Exercise
In your copy of the data, include no pictures and alter nothing else.

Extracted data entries
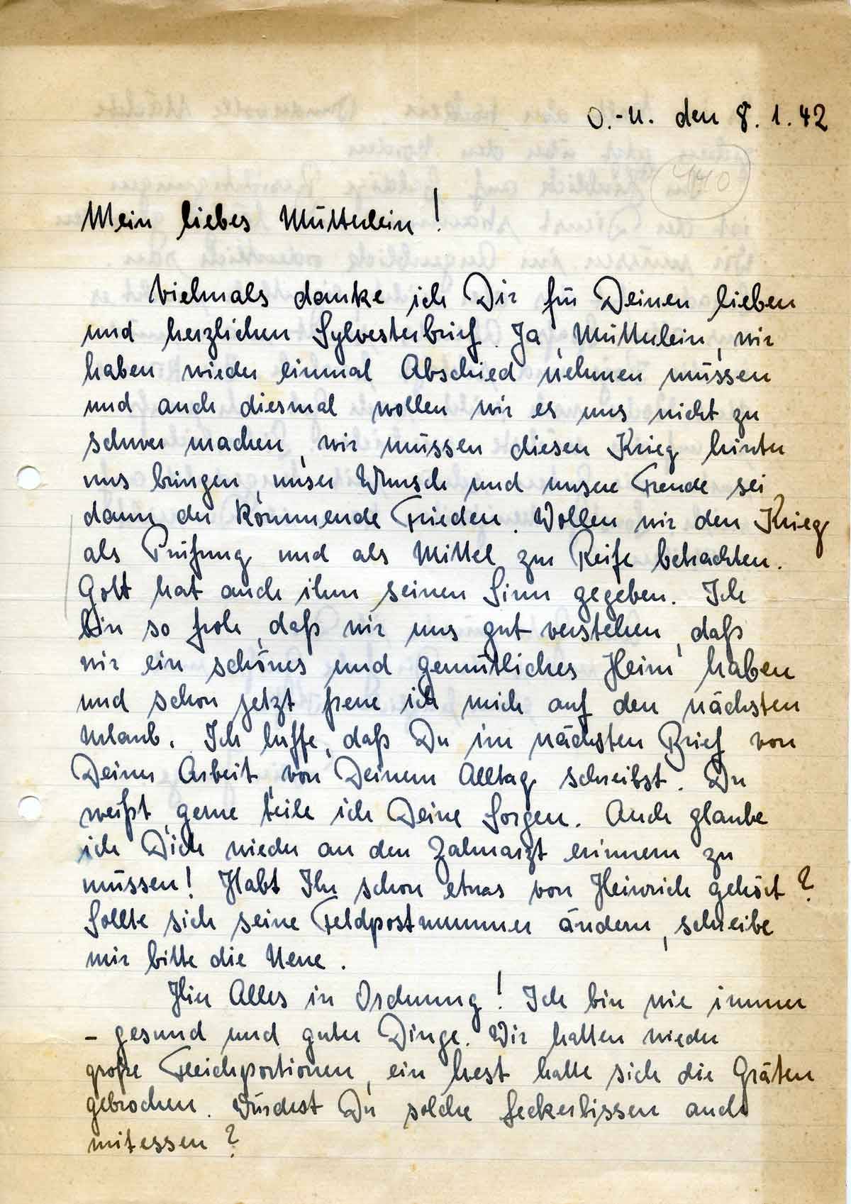 Vielmals danke ich Dir für Deinen lieben und herzlichen Sylvesterbrief. Ja, Mütterlein, wir haben wieder einmal Abschied nehmen müssen und auch diesmal wollen wir es uns nicht zu schwer machen, wir müssen diesen Krieg hinter uns bringen, unser Wunsch und unsere Freude sei dann der kommende Frieden. Wollen wir den Krieg als Prüfung und als Mittel zur Reife betrachten. Gott hat auch ihm seinen Sinn gegeben. Ich bin so froh, daß wir uns gut versehen, daß wir ein schönes und gemütliches Heim haben und schon jetzt freue ich mich auf den nächsten Urlaub. Ich hoffe, daß Du im nächsten Brief von Deiner Arbeit, von Deinem Alltag schreibst. Du weißt, gerne teile ich Deine Sorgen. Auch glaube ich Dich wieder an den Zahnarzt erinnern zu müssen! Habt Ihr schon etwas von Heinrich gehört? Sollte sich seine Feldpostnummer ändern, schreibe mir bitte die Neue.
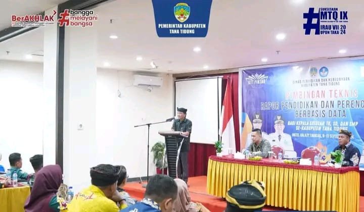 TANA TIDUNG, – Bupati Tana Tidung, Ibrahim Ali diwakili Plt. Sekda Tana Tidung, Idham Nur membuka Bimbingan Teknis Rapor Pendidikan dan Perencanaan Berbasis Data, Rabu (11/09/2024).
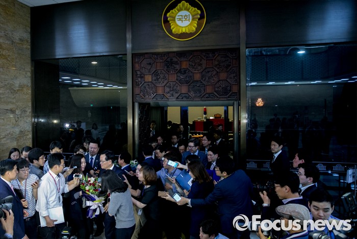 | △ 국회 본회의장 뒤로 하고 |
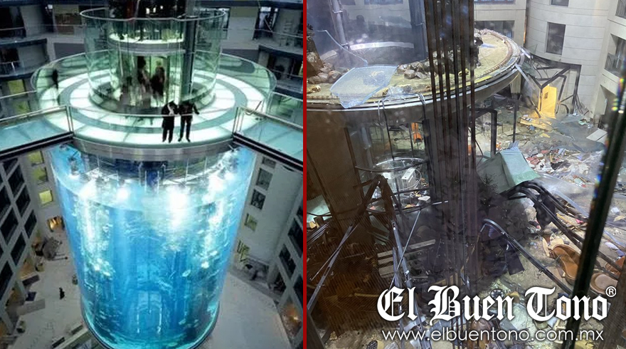 Alemania.- Al menos dos personas resultaron heridas hoy viernes en el centro de Berlín al reventar esta madrugada el acuario AquaDom, uno de los más grandes del mundo, con un millón de litros de agua de capacidad, en el interior del lujoso hotel Radisson Blu, donde estaba instalado.
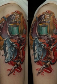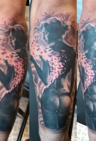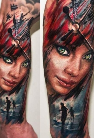 手臂彩色女子肖像与手枪纹身图案

Solution to the problem
 Vielmals danke ich Dir für Deinen lieben und herzlichen Sylvesterbrief. Ja, Mütterlein, wir haben wieder einmal Abschied nehmen müssen und auch diesmal wollen wir es uns nicht zu schwer machen, wir müssen diesen Krieg hinter uns bringen, unser Wunsch und unsere Freude sei dann der kommende Frieden. Wollen wir den Krieg als Prüfung und als Mittel zur Reife betrachten. Gott hat auch ihm seinen Sinn gegeben. Ich bin so froh, daß wir uns gut versehen, daß wir ein schönes und gemütliches Heim haben und schon jetzt freue ich mich auf den nächsten Urlaub. Ich hoffe, daß Du im nächsten Brief von Deiner Arbeit, von Deinem Alltag schreibst. Du weißt, gerne teile ich Deine Sorgen. Auch glaube ich Dich wieder an den Zahnarzt erinnern zu müssen! Habt Ihr schon etwas von Heinrich gehört? Sollte sich seine Feldpostnummer ändern, schreibe mir bitte die Neue.
 TANA TIDUNG, – Bupati Tana Tidung, Ibrahim Ali diwakili Plt. Sekda Tana Tidung, Idham Nur membuka Bimbingan Teknis Rapor Pendidikan dan Perencanaan Berbasis Data, Rabu (11/09/2024).
 | △ 국회 본회의장 뒤로 하고 |
 Alemania.- Al menos dos personas resultaron heridas hoy viernes en el centro de Berlín al reventar esta madrugada el acuario AquaDom, uno de los más grandes del mundo, con un millón de litros de agua de capacidad, en el interior del lujoso hotel Radisson Blu, donde estaba instalado.
 手臂彩色女子肖像与手枪纹身图案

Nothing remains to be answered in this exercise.